Let’s dive into the details

Data protection is a priority

We said above that safety is a major priority, and that safety starts with data protection. Thanks to the Payment Services Directive 2 (PSD2), which is a 2018 EU legislation that standardized and established regulations for open banking, there are several ways user data is secured and protected:

  1. Strong Customer Authentication (SCA) 

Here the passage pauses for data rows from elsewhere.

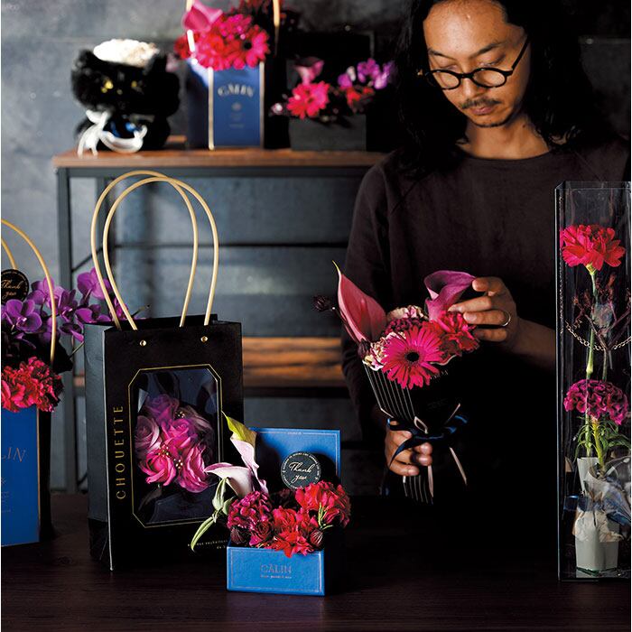 ・アーティフィシャルフラワーをふんだんに使った、「フレームバッグソープフラワーブーケ」。
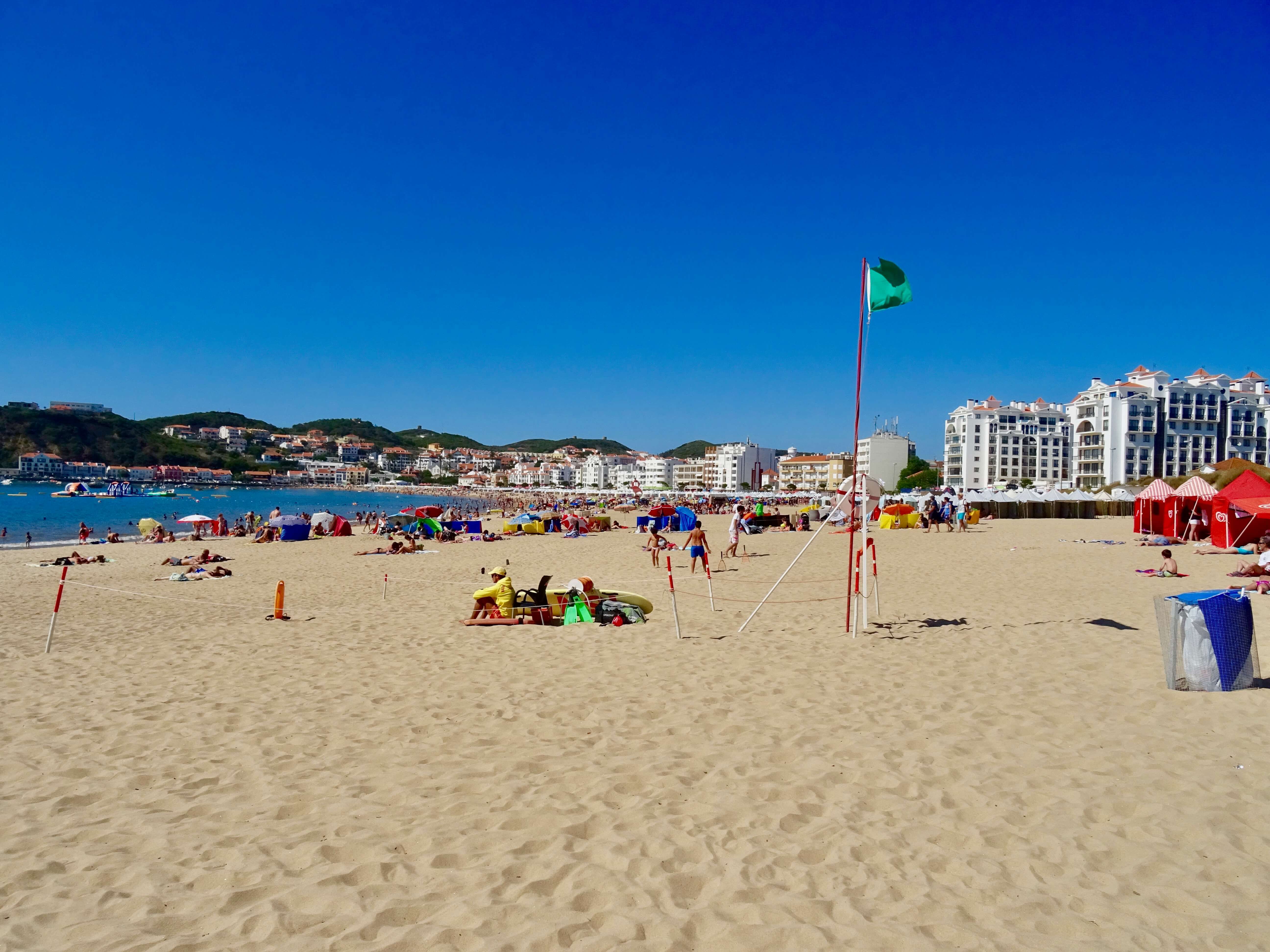 São Martinho do Porto is a prestigious destination that appeals primarily to families and couples. The beach offers many water sports activities, including a giant inflatable playground on water. Additionally, there is a complimentary beachside playground situated in a picturesque grassy area along the bay.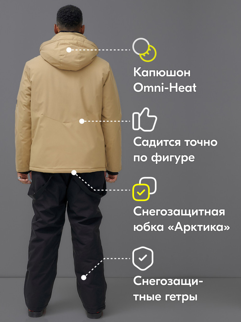Горнолыжный костюм мужской зимний бежевого цвета 372B Вопросы по товару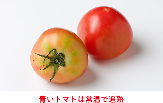 完熟トマトはポリ袋のまま野菜室で保存。つぶれてしまうので重ならないようにしましょう。青い部分が残っているトマトは常温で追熟させ赤くなってから冷蔵庫へ。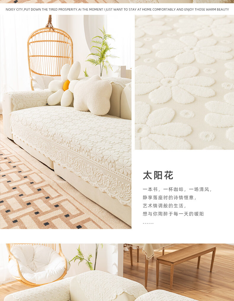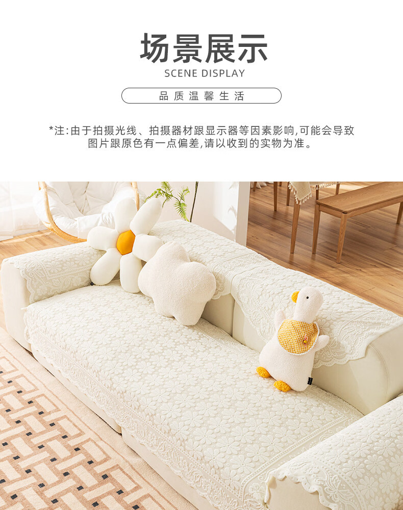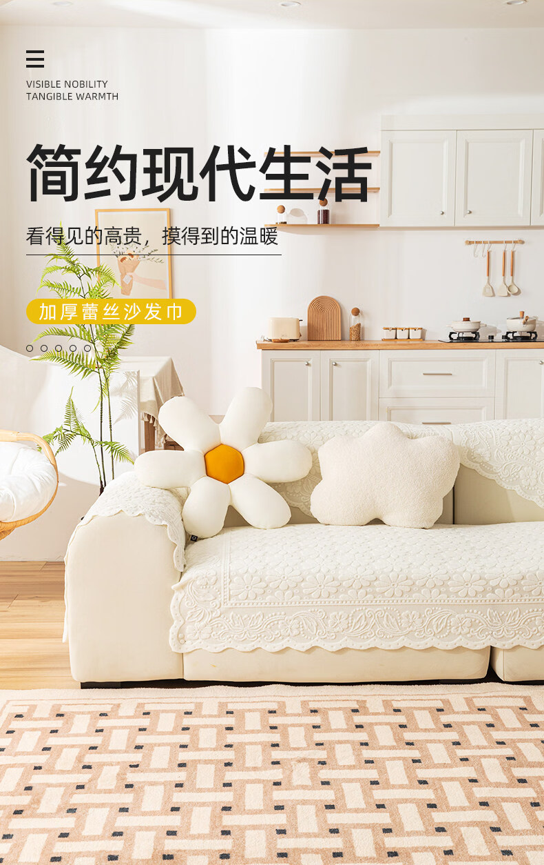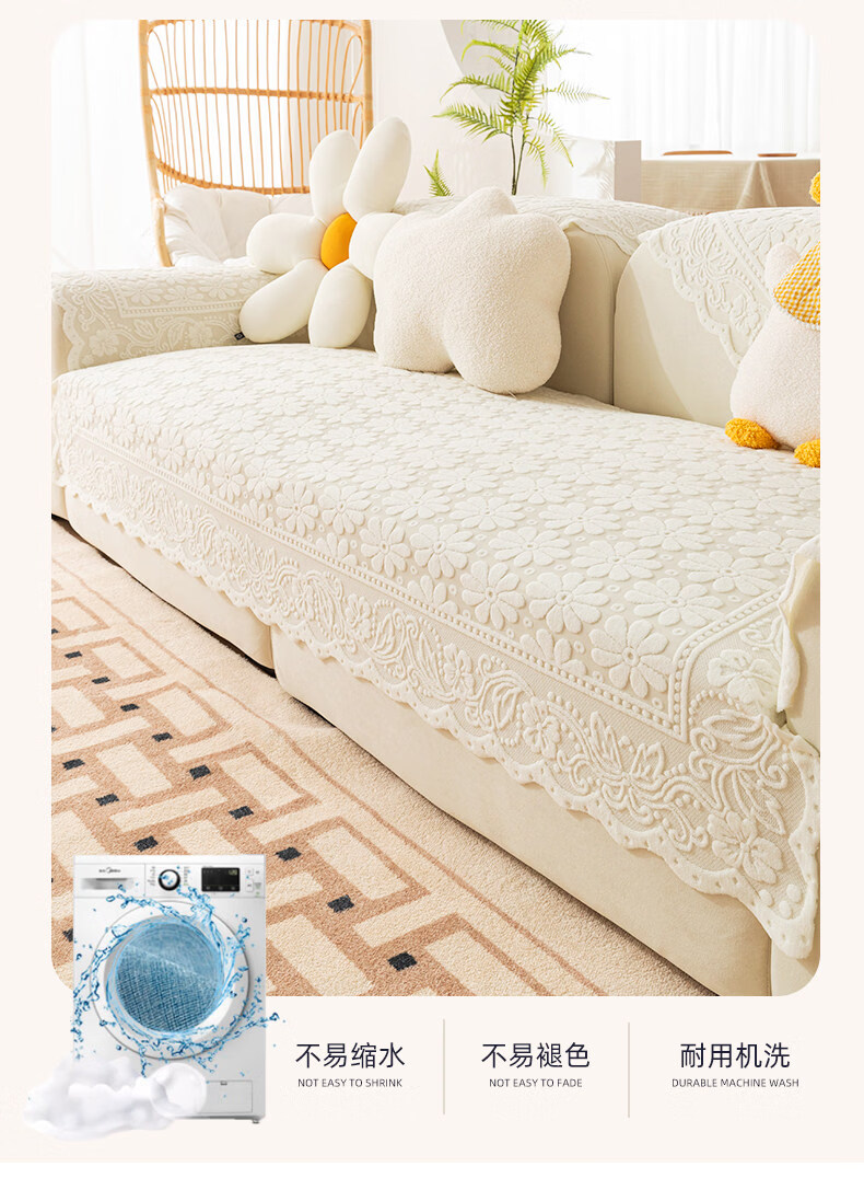 正圣单人沙发巾蕾丝沙发靠背巾加厚防滑四季通用沙发扶手巾盖布茶几巾 小雏菊-米白 65cm*75cm 三角靠背巾:(拍多个默认发连身,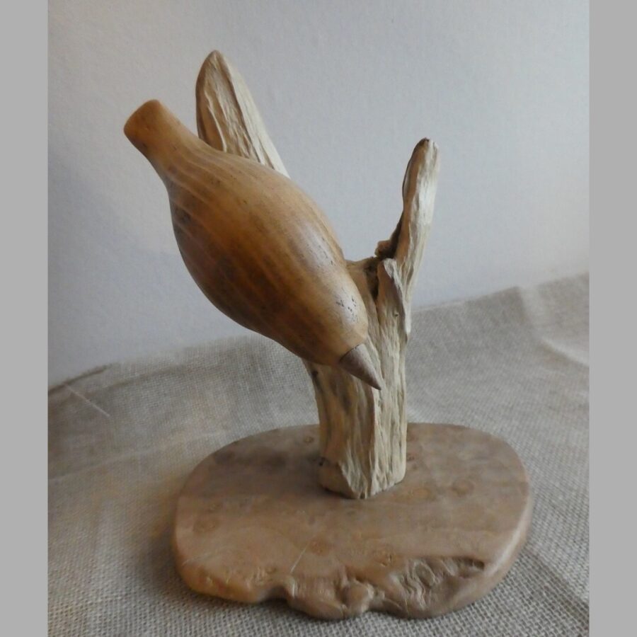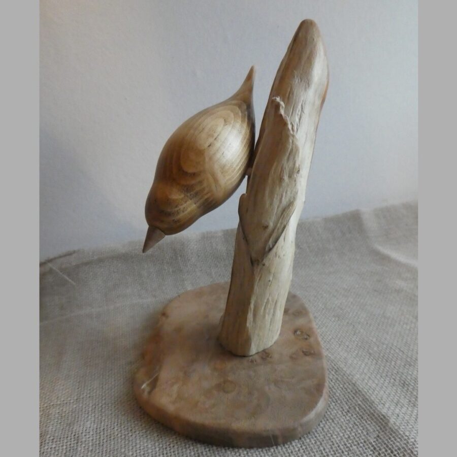 A beautiful unique hand crafted wooden nuthatch style bird. The bird is made from pine wood, mounted on a piece of driftwood and wooden base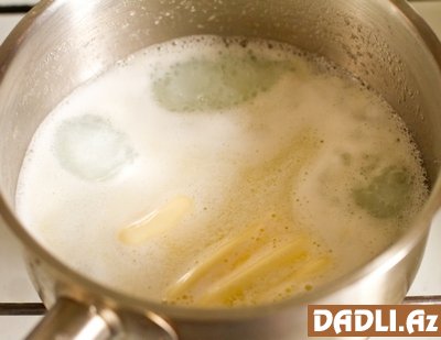 Qazana su tökün, duz, şəkər tozu, xırda doğranmış kərə yağı əlavə edin. Ocağın üstə qoyun, yağ əriyənədək bişirin.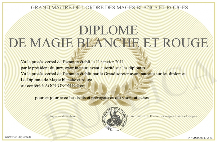 Envoyez par email votre Diplôme de Magie blanche et rouge personalisé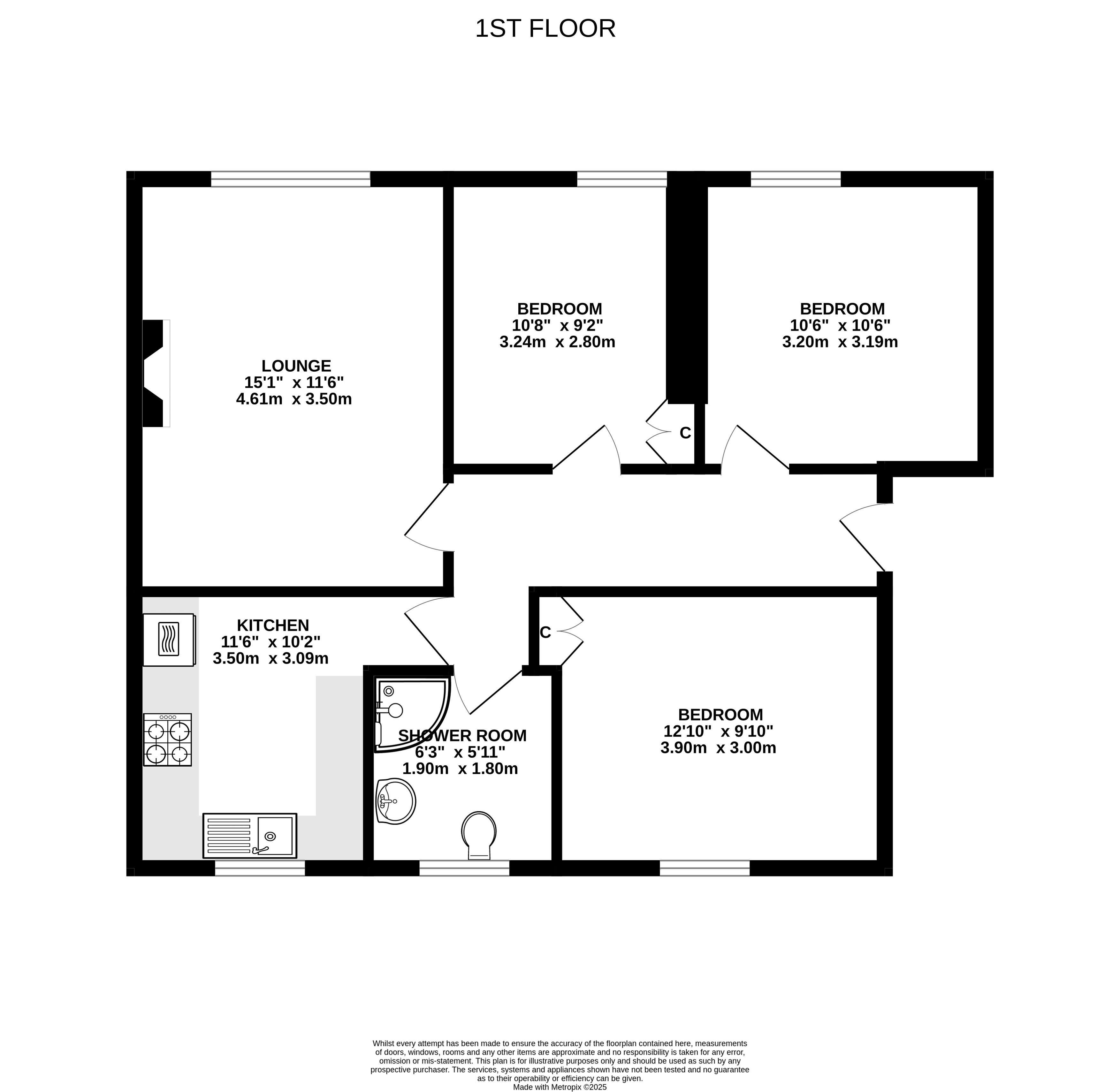The accommodation is all accessed from the hall which has a built-in storage cupboard and hatch providing access to the attic space via ‘Ramsay’ style drop ladder. The lounge is a bright, south facing room with feature fireplace with electric fire. The kitchen is fitted with a range of units with integrated hob, double oven, extractor hood and dishwasher. All three bedrooms are a good size with the wardrobes in bedroom one being included in the sale. The shower room has a white wc, wash hand basin, plenty of vanity storage and a new shower enclosure with thermostatic shower.

PSD2 requires transactions to have SCA, which means when using open banking, a user must prove they are the correct user in at least two ways. They can confirm their identity by stating something only the user would know (password, pin); by using something they own (phone, smart card); or by verifying via something they are (facial recognition, thumb print). 

  1. Consent

Thanks to PSD2 regulations, a client must give consent to their banking data being shared or viewed. That means if you’re considering allowing – for example – a lender to connect with your bank and view your transactional history, you will be asked if you consent first. That data will not be shared or viewed unless you explicitly agree. Not only that, but the lender and any third party they use to help analyze the data will only be able to view it, not ever access it. 

  1. Registered entities

Any entity that is viewing or sharing your data will be strictly regulated as part of PSD2 rules. That means any bank you work with along with any lender, rental company, equipment provider or anyone else who needs to view your data in order to make a decision about your creditworthiness —- they are all registered with the proper authorities and they all must comply with strict PSD2 regulations 

Other regulations help ensure safety

Apart from PSD2’s strict regulations to ensure user safety and data protection, there are even more ways that your data is safe under open banking. For example, many third parties that help provide data analysis and data compilation (like Kontomatik) will anonymize the data they receive. That means that during the labeling and analysis process, the identity of the user is kept completely confidential. Additionally, a user can opt out of sharing their data at any point, meaning that they have complete control over when and who views their data. 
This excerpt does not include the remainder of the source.